WHAT YOU HAVE TO DO:
Among the lines below, output only those between the line holding "臺南市公布第13批高風險駕駛事件" and the line holding "①1期に各エリアに初期型前方", inclusive, exactly as written and with no pictures.

SUPPLIED MATERIAL:
^^^^^^^^

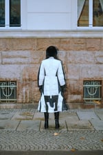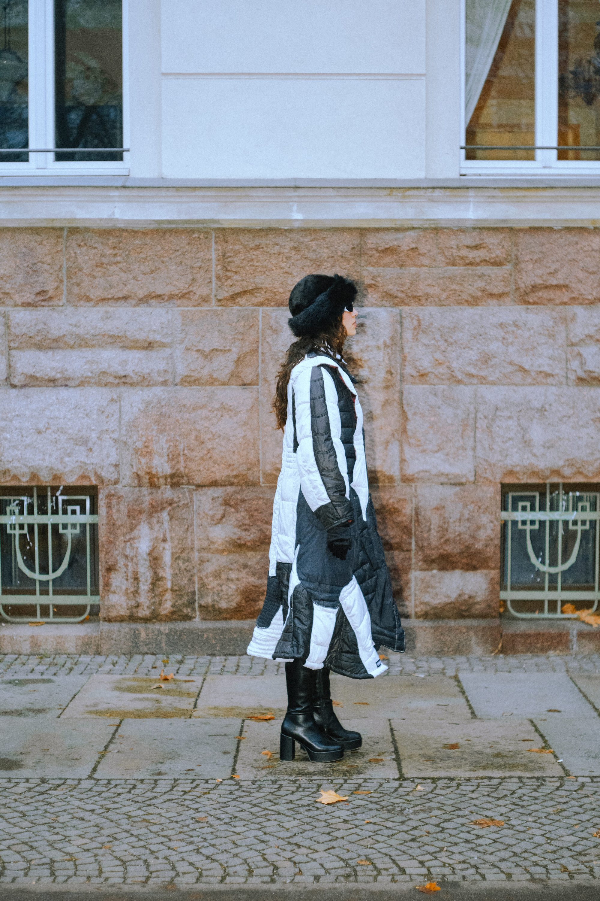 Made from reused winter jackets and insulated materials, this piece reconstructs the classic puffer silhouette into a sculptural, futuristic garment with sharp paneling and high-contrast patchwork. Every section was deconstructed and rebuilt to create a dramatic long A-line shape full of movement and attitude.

^^^^^^^^

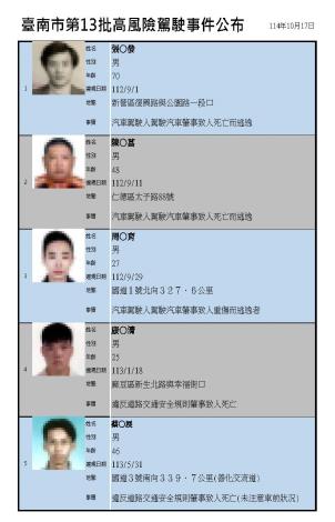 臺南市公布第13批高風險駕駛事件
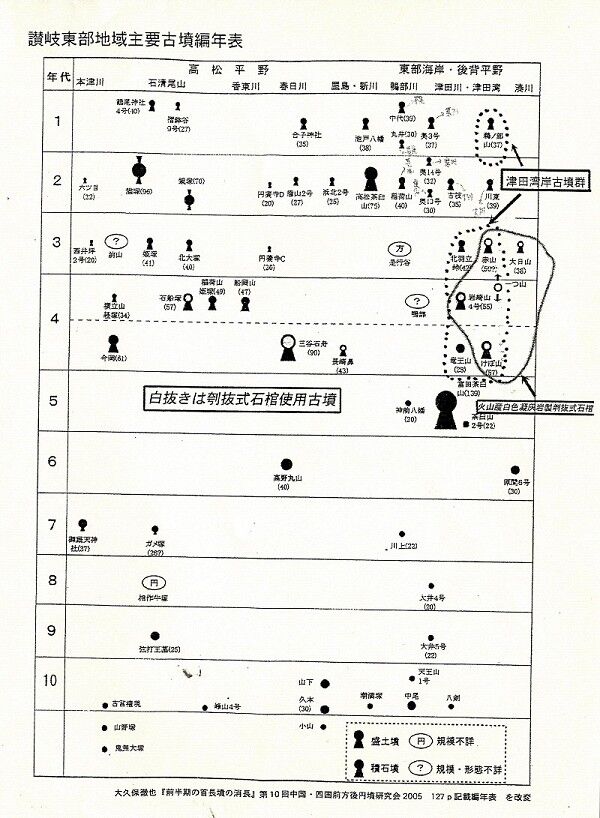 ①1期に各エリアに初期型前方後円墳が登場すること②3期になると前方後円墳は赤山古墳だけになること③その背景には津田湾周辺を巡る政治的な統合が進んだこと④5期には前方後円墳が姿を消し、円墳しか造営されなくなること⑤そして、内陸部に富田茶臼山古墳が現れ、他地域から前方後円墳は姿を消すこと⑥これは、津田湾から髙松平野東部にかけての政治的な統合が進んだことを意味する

^^^^^^^^

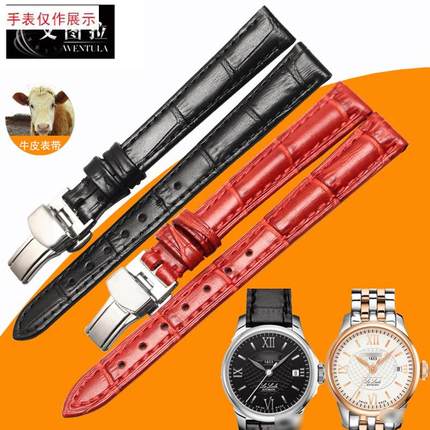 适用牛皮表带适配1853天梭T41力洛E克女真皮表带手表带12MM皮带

^^^^^^^^

SOLUTION TO THIS PROBLEM:
 臺南市公布第13批高風險駕駛事件
 ①1期に各エリアに初期型前方後円墳が登場すること②3期になると前方後円墳は赤山古墳だけになること③その背景には津田湾周辺を巡る政治的な統合が進んだこと④5期には前方後円墳が姿を消し、円墳しか造営されなくなること⑤そして、内陸部に富田茶臼山古墳が現れ、他地域から前方後円墳は姿を消すこと⑥これは、津田湾から髙松平野東部にかけての政治的な統合が進んだことを意味する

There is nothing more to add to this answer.